**WHAT YOU ARE ASKED TO DO:** Without any of their pictures, return all of the records exactly.

Items from a data source:
┌──

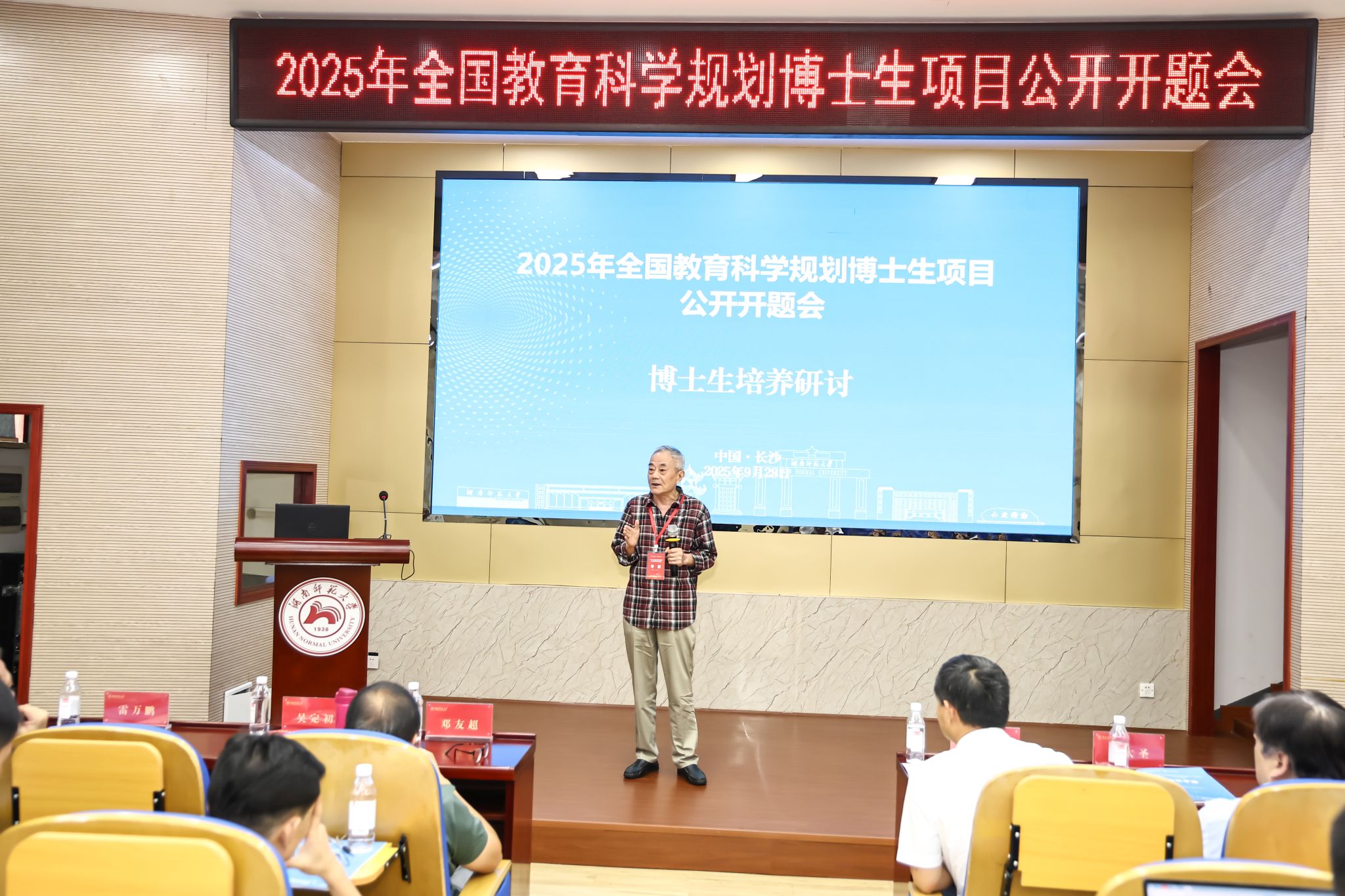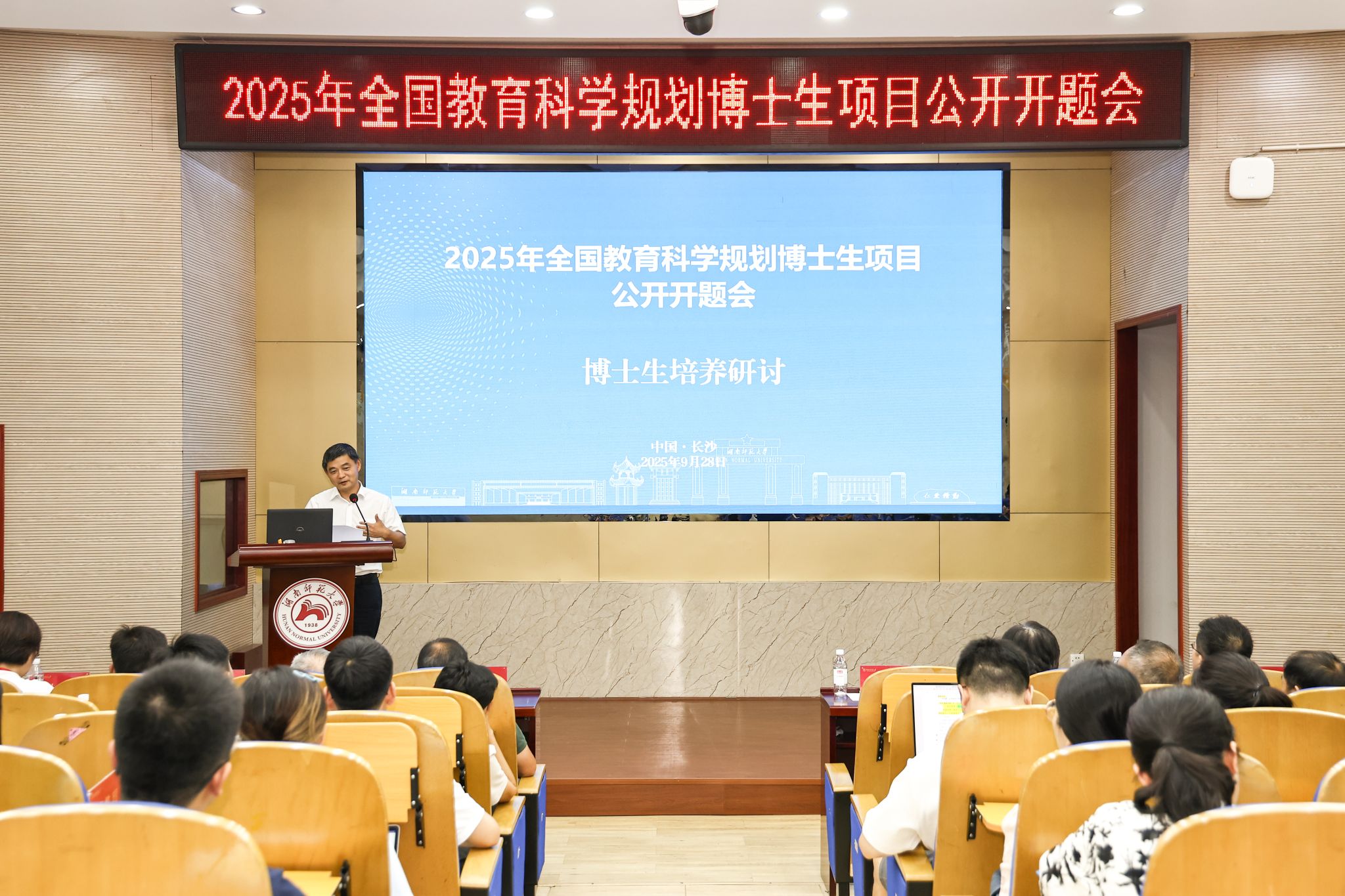 (通讯员 樊杰)9月28日,全国教育科学规划博士生项目公开开题会在湖南师范大学举行。全国教育科学规划今年首次设立博士生项目,此举是贯彻落实《教育强国建设规划纲要(2024-2035年)》和三年行动计划的创新举措,旨在先行先试,探索学术人才培养新机制,推动中国教育学转型发展。会议由全国教育科学规划办公室常务副主任邓友超和湖南师范大学教育科学学院院长刘铁芳主持。湖南师范大学副校长潘安练,湖南省教育科学研究院院长杨颖、湖南师范大学教育科学学院党委书记向发意以及34位专家学者参加会议。
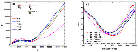 On the other hand, in the Bode plot, the middle frequency range displays an angle of approximately 50°, which is identified as capacitive behavior. Likewise, the phase maximum associated with the double electric layer increases with an increase in the treatment time, implying a reduction in the corrosion rate of the electrode. Also, it can be observed that the semicircle increases as a function of the treatment time, with the highest impedance for the PHB-coated sample at 10 s. This implies a strong enhancement of corrosion resistance due to the protection given by the PHB coating.
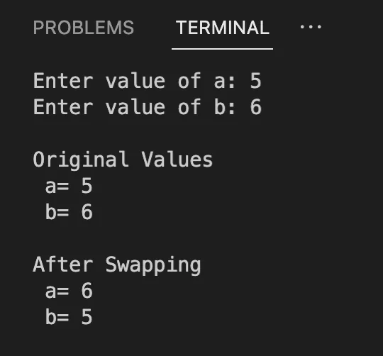 print('\nAfter Swapping\n a=',a,'\n b=',b)
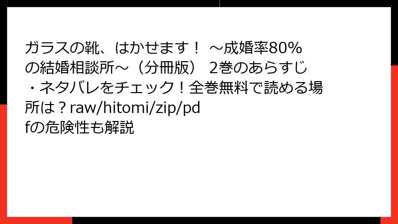 こんにちは、漫画ファン向けのブログへようこそ! 今日は、人気婚活漫画『ガラスの靴、はかせます! ~成婚率80%の結婚相談所~(分冊版)』の2巻を、raw、hitomi、zip、pdf、漫画バンクなどの海賊版サイトで読むことのリスクについて、詳しく掘り下げます。無料で手軽にアクセスできるように見えますが、実はさまざまな危険が潜んでいます。法的問題からセキュリティの脅威まで、読み応えのある内容でお届けしますので、ぜひ最後までお付き合いください。
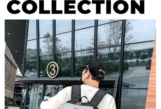 Two Tone Lettering Print Nylon Tote Bag / Laptop Backpack / Bag Charm / Set

└──

**RESPONSE:**
 (通讯员 樊杰)9月28日,全国教育科学规划博士生项目公开开题会在湖南师范大学举行。全国教育科学规划今年首次设立博士生项目,此举是贯彻落实《教育强国建设规划纲要(2024-2035年)》和三年行动计划的创新举措,旨在先行先试,探索学术人才培养新机制,推动中国教育学转型发展。会议由全国教育科学规划办公室常务副主任邓友超和湖南师范大学教育科学学院院长刘铁芳主持。湖南师范大学副校长潘安练,湖南省教育科学研究院院长杨颖、湖南师范大学教育科学学院党委书记向发意以及34位专家学者参加会议。
 On the other hand, in the Bode plot, the middle frequency range displays an angle of approximately 50°, which is identified as capacitive behavior. Likewise, the phase maximum associated with the double electric layer increases with an increase in the treatment time, implying a reduction in the corrosion rate of the electrode. Also, it can be observed that the semicircle increases as a function of the treatment time, with the highest impedance for the PHB-coated sample at 10 s. This implies a strong enhancement of corrosion resistance due to the protection given by the PHB coating.
 print('\nAfter Swapping\n a=',a,'\n b=',b)
 こんにちは、漫画ファン向けのブログへようこそ! 今日は、人気婚活漫画『ガラスの靴、はかせます! ~成婚率80%の結婚相談所~(分冊版)』の2巻を、raw、hitomi、zip、pdf、漫画バンクなどの海賊版サイトで読むことのリスクについて、詳しく掘り下げます。無料で手軽にアクセスできるように見えますが、実はさまざまな危険が潜んでいます。法的問題からセキュリティの脅威まで、読み応えのある内容でお届けしますので、ぜひ最後までお付き合いください。
 Two Tone Lettering Print Nylon Tote Bag / Laptop Backpack / Bag Charm / Set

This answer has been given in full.